Progressives vs Moderates

By Devyn Shea (TheLorian)

Over the past few years, the Democratic Party has had divisions over policy and ideology. How did those divisions start, and how will they affect the future?

As of right now, there are 97 Democratic members of the Congressional Progressive Caucus. 95 are members of the house, while one is a non-voting member, and the other is Senator Bernie Sanders. The largest caucus in the Democratic Party is the New Democrat Coalition, which has 103 members. The difference between these two caucuses are their guiding ideologies and principles. It’s the democratic tale of Progressives vs Moderates. The moderates could even be classified as liberal, depending on who you ask, because there is another caucus dedicated for centrist Democrats, called the Blue Dog Coalition. Recently, however, the New Democrat Coalition has had a more moderate tone as their party has been moving to the left of the political spectrum. Although both are more socially liberal, the New Democrats are fiscally moderate.

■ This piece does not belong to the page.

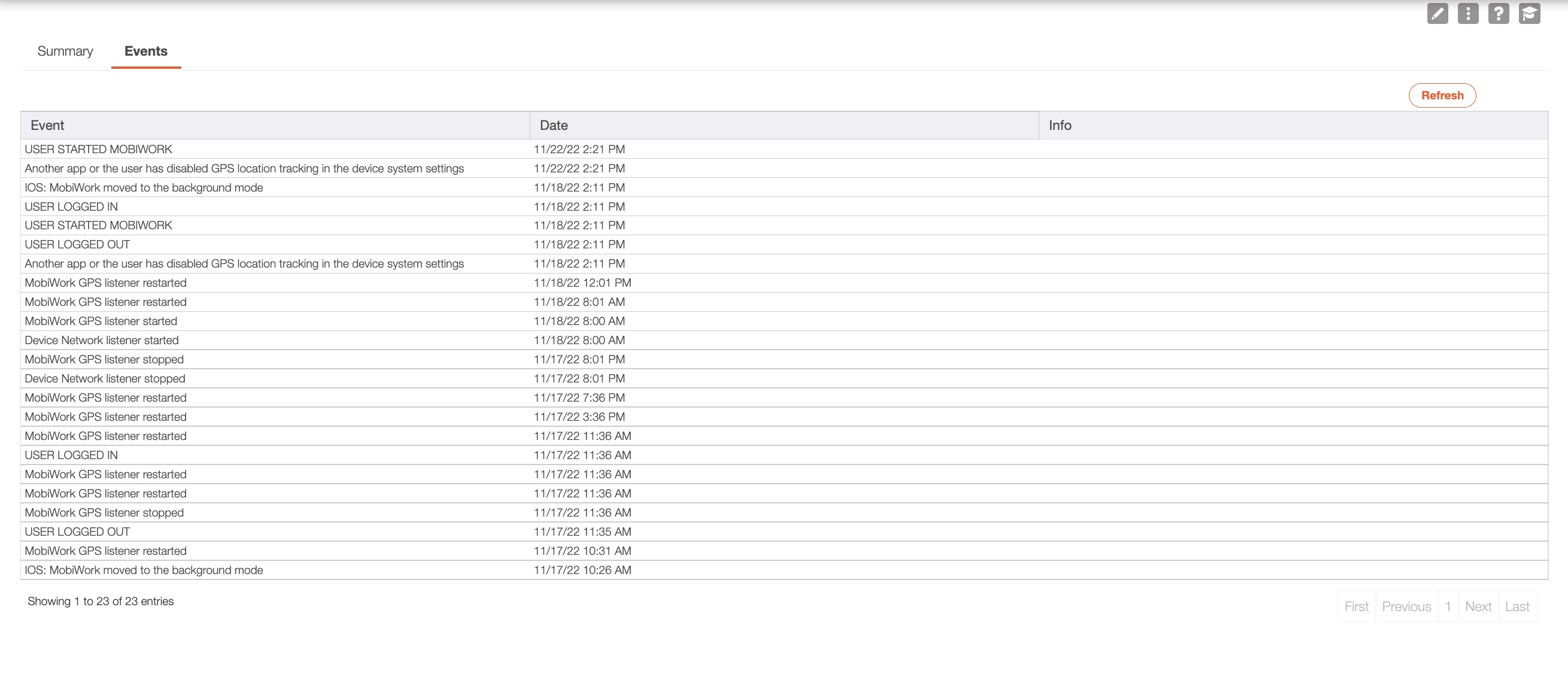 The "Events" tab will display all the historical information regarding the device (e.g., login information, when the GPS starts/restarts/stops, etc.).

The roots of the modern Democratic Progressive movement could range from a variety of places. Progressivism started in the early 1900s with Wisconsin’s Governor and Senator Robert LaFollette calling for more democratic elections, elections where the people would decide, not legislatures or governors. This also started the primary system in 1912, also in 1912, Theodore Roosevelt ran for President under the Progressive Party banner getting in second place. In 1924, Robert LaFollette ran for President earning nearly 17 percent of the national vote and one state, Wisconsin. The third progressive movement in America wasn’t the big wave many expected. FDR’s second vice president ran for president under the Progressive Party in 1948, only getting roughly two percent of the vote.

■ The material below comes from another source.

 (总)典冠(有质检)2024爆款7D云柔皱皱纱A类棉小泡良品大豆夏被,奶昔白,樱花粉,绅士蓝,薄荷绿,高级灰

From 1948 until the 1980s, progressivism wasn’t very big. In the 1980s, Sanders was elected mayor of Burlington, Vermont. Nationally, although perhaps not thinking of it at the time, Rev. Jesse Jackson was a strong proponent of progressivism. In 1984 and in 1988, Jackson was perhaps one of, if not the most, progressive candidate in those fields. In 1984, Jackson’s message seemed to resonate with many voters, he received 18 percent of the national vote and won two states in the primaries. He ran for President a second time in 1988, and was even the front runner at one point, but he was beat by Michael Dukakis. Jackson had run on a platform that is similar to Sanders, by favoring a reversal of tax cuts of the rich and universal healthcare. In the early 1990s, more progressive members were elected to Congress such as Sanders. It wasn’t until 2000 and 2004 where another progressive in the mold of the Sanders or Jackson ideology ran for president.

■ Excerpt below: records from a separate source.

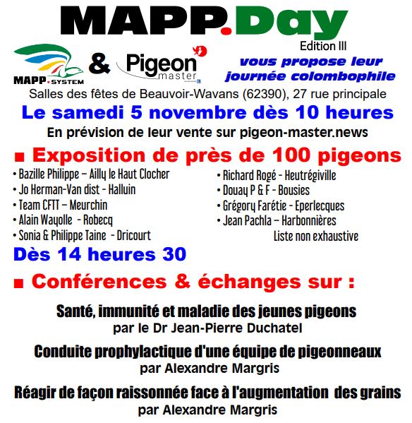 Samedi 5 Novembre MAPP System et Pigeon-Master s’associent pour organiser la troisième édition MAPP Day à la salle des fêtes de Beauvoir-Wavans (62). Au programme, une exposition des pigeons qui seront présentés aux prochaines ventes Pigeon-Master et une série de conférences animées par Alexandre Margris et le docteur Jean-Pierre Duchatel. Venez retrouver l’ambiance d’antan des ventes en salle avec prise en main.
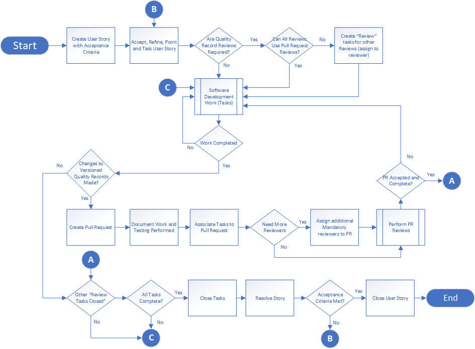- If the task contains versioned quality records in azure devops repos the author creates a pull request to integrate their changes when the task is complete.
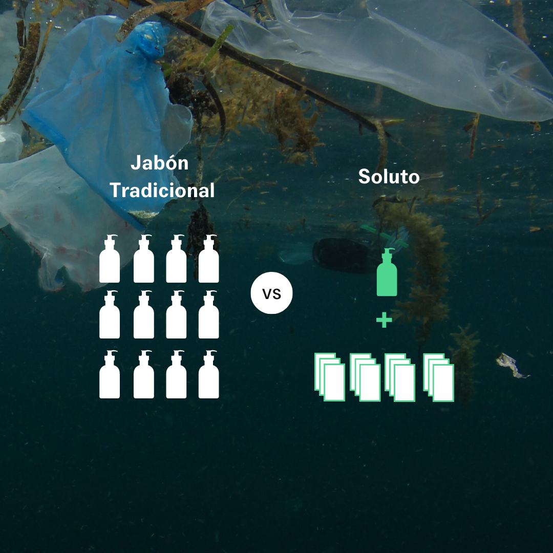 Un sobre de Soluto pesa menos de 30g mientras que una botella de gel de ducha de 400ml pesa aproximadamente 500g. Esto reduce el consumo de combustible en el transporte y las emisiones de CO2 en un 90% en comparación con los jabones líquidos.

In 2000, former New Jersey Senator and basketball star Bill Bradley ran for president against sitting Vice President Al Gore. Bradley had lost the race, but was trying to bring a more liberal alternative to Gore. In 2004, Governor of Vermont Howard Dean ran for president being one of the first candidates to campaign using the internet. Dean ran on a platform of universal healthcare and was the front runner during the fall of 2003. By the time the Iowa Caucus and New Hampshire Primary arrived, he had underperformed, and later dropped out. The other progressive candidate in the race was congressman from Ohio Dennis Kucinich, who opposed the war in Iraq and was regarded as a “genuine progressive” by Ralph Nader. He too underperformed and dropped out.

As time has went on, progressives have gotten more traction. More and more are being elected to Congress every year. In 2016, progressive icon Sanders made the ideology more mainstream nationally and came very close to the Democratic Nomination. In 2020, it was the ultimate fight between progressives and moderates. Sanders was at one point the front runner, but many moderate candidates feared a Sander’s presidency, so they dropped out and endorsed Joe Biden. After Democrats lost seats in the house on Nov. 3, many moderates are calling progressives out for causing these losses. As Nancy Pelosi, a leader in the moderate faction, has just announced her candidacy for Speaker of the House in 2021, progressives may bail on her.